Below is a listing. Return the lines from the one that contains "现在登报非常便捷,您可以直接" to the one that contains "iPad Pro 9.7 Backlit", both ends included, verbatim and with no pictures.

[Opening Input records section]

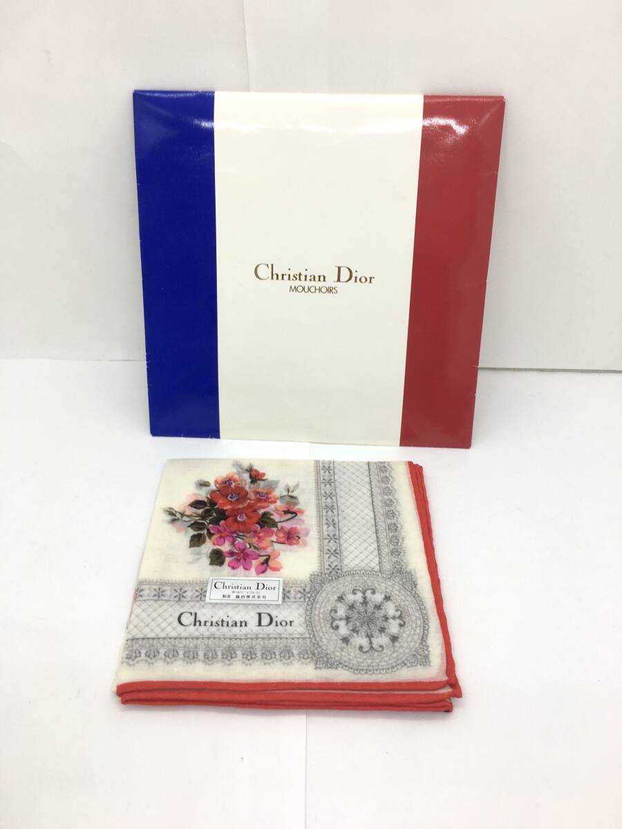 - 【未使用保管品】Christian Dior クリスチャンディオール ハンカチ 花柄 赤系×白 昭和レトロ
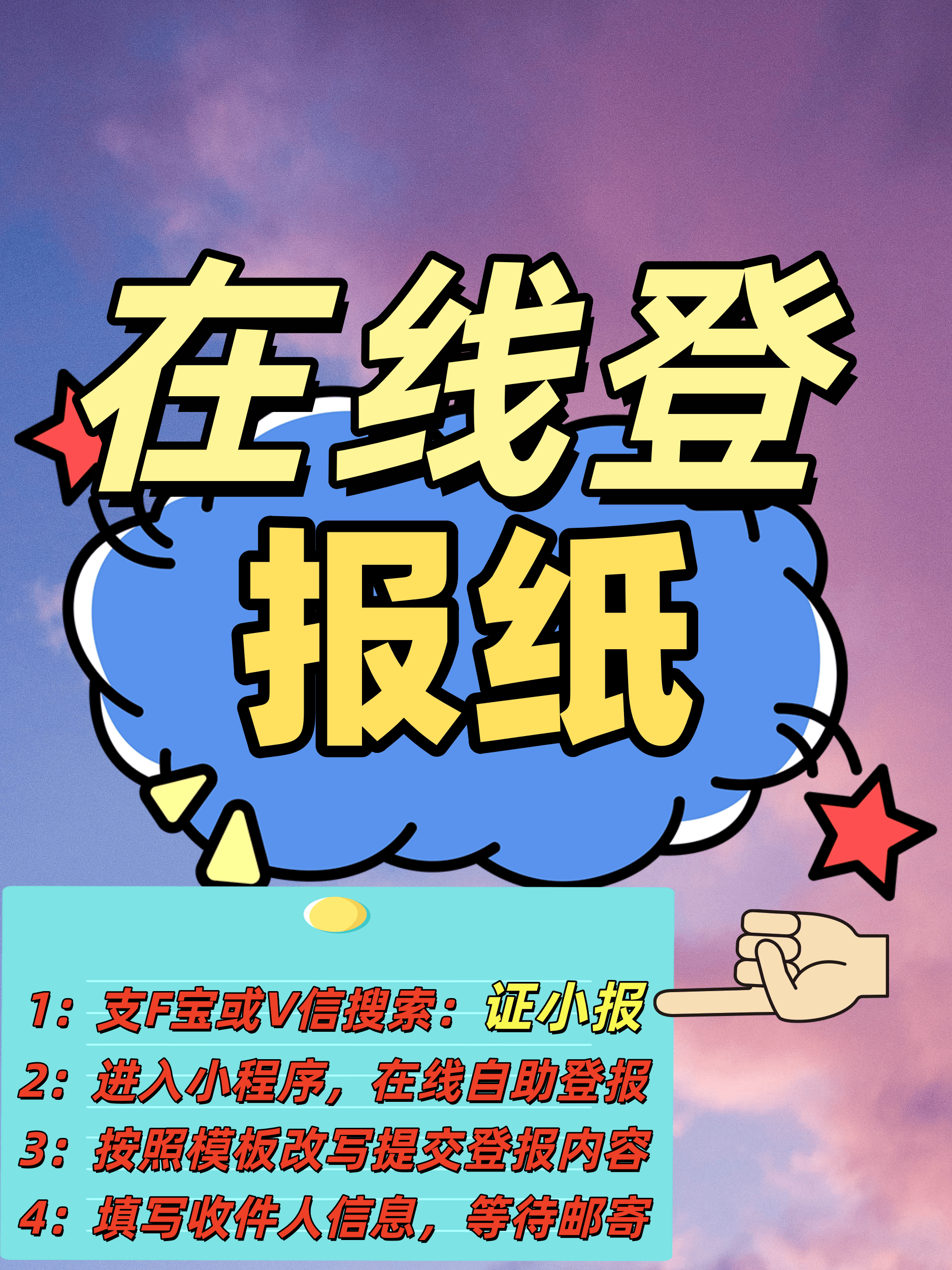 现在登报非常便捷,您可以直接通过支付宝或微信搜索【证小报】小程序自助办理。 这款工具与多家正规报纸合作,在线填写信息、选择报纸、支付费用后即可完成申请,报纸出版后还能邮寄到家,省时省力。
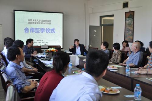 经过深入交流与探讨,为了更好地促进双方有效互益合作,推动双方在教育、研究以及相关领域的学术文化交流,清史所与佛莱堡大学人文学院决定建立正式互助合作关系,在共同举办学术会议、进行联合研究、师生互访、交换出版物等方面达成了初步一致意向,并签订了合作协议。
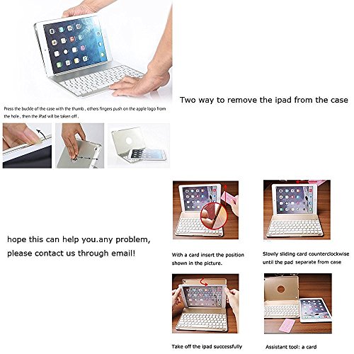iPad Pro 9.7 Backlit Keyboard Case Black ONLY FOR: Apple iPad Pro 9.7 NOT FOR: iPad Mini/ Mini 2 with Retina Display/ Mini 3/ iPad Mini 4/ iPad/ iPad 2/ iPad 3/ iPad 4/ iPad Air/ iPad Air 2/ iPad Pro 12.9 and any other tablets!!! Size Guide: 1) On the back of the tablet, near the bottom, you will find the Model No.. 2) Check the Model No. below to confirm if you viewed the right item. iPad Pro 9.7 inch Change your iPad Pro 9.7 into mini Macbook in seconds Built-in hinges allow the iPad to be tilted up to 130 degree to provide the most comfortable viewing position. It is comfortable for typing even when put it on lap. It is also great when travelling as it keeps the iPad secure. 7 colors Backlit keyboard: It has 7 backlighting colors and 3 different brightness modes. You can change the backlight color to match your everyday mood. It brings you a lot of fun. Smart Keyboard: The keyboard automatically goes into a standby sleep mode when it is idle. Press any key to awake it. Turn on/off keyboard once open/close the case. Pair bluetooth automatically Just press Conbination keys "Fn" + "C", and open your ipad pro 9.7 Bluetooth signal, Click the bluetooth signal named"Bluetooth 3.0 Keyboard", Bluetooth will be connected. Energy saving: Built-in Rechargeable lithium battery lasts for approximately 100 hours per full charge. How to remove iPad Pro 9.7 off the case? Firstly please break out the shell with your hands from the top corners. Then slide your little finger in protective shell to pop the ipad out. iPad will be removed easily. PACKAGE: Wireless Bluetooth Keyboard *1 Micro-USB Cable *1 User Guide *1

[Closing Input records section]
[Opening Input records section]

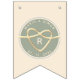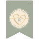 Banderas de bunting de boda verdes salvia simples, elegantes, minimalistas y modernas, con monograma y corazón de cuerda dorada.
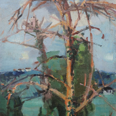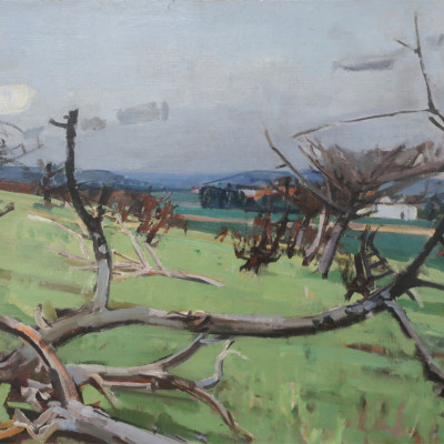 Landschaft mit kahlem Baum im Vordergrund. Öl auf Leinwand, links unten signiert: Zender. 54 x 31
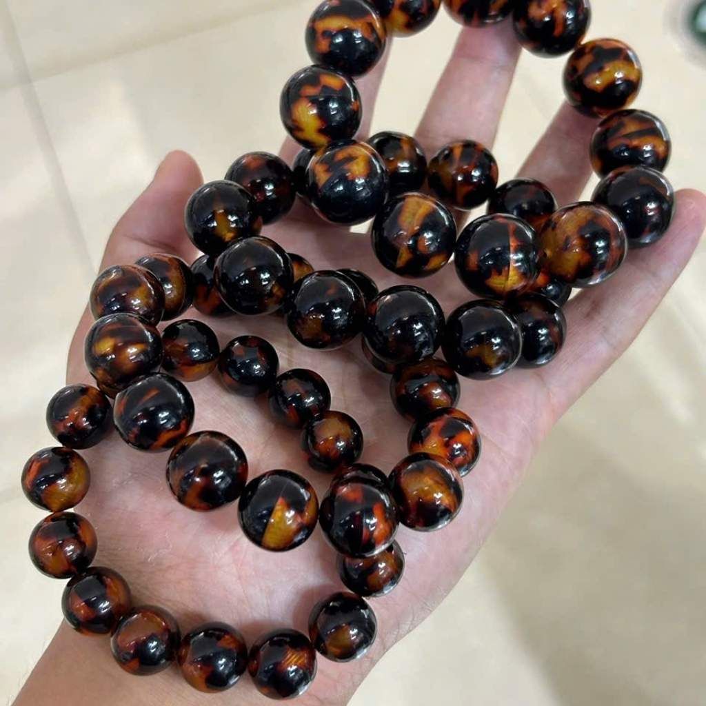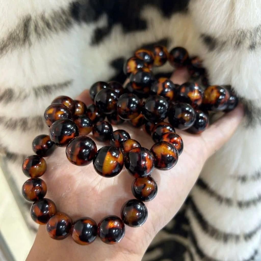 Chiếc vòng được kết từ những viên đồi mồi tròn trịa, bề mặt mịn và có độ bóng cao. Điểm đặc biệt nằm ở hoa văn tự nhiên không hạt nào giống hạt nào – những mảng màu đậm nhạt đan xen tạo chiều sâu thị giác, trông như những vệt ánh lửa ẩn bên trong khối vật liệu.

[Closing Input records section]

Answer to this exercise:
 现在登报非常便捷,您可以直接通过支付宝或微信搜索【证小报】小程序自助办理。 这款工具与多家正规报纸合作,在线填写信息、选择报纸、支付费用后即可完成申请,报纸出版后还能邮寄到家,省时省力。
 经过深入交流与探讨,为了更好地促进双方有效互益合作,推动双方在教育、研究以及相关领域的学术文化交流,清史所与佛莱堡大学人文学院决定建立正式互助合作关系,在共同举办学术会议、进行联合研究、师生互访、交换出版物等方面达成了初步一致意向,并签订了合作协议。
iPad Pro 9.7 Backlit Keyboard Case Black ONLY FOR: Apple iPad Pro 9.7 NOT FOR: iPad Mini/ Mini 2 with Retina Display/ Mini 3/ iPad Mini 4/ iPad/ iPad 2/ iPad 3/ iPad 4/ iPad Air/ iPad Air 2/ iPad Pro 12.9 and any other tablets!!! Size Guide: 1) On the back of the tablet, near the bottom, you will find the Model No.. 2) Check the Model No. below to confirm if you viewed the right item. iPad Pro 9.7 inch Change your iPad Pro 9.7 into mini Macbook in seconds Built-in hinges allow the iPad to be tilted up to 130 degree to provide the most comfortable viewing position. It is comfortable for typing even when put it on lap. It is also great when travelling as it keeps the iPad secure. 7 colors Backlit keyboard: It has 7 backlighting colors and 3 different brightness modes. You can change the backlight color to match your everyday mood. It brings you a lot of fun. Smart Keyboard: The keyboard automatically goes into a standby sleep mode when it is idle. Press any key to awake it. Turn on/off keyboard once open/close the case. Pair bluetooth automatically Just press Conbination keys "Fn" + "C", and open your ipad pro 9.7 Bluetooth signal, Click the bluetooth signal named"Bluetooth 3.0 Keyboard", Bluetooth will be connected. Energy saving: Built-in Rechargeable lithium battery lasts for approximately 100 hours per full charge. How to remove iPad Pro 9.7 off the case? Firstly please break out the shell with your hands from the top corners. Then slide your little finger in protective shell to pop the ipad out. iPad will be removed easily. PACKAGE: Wireless Bluetooth Keyboard *1 Micro-USB Cable *1 User Guide *1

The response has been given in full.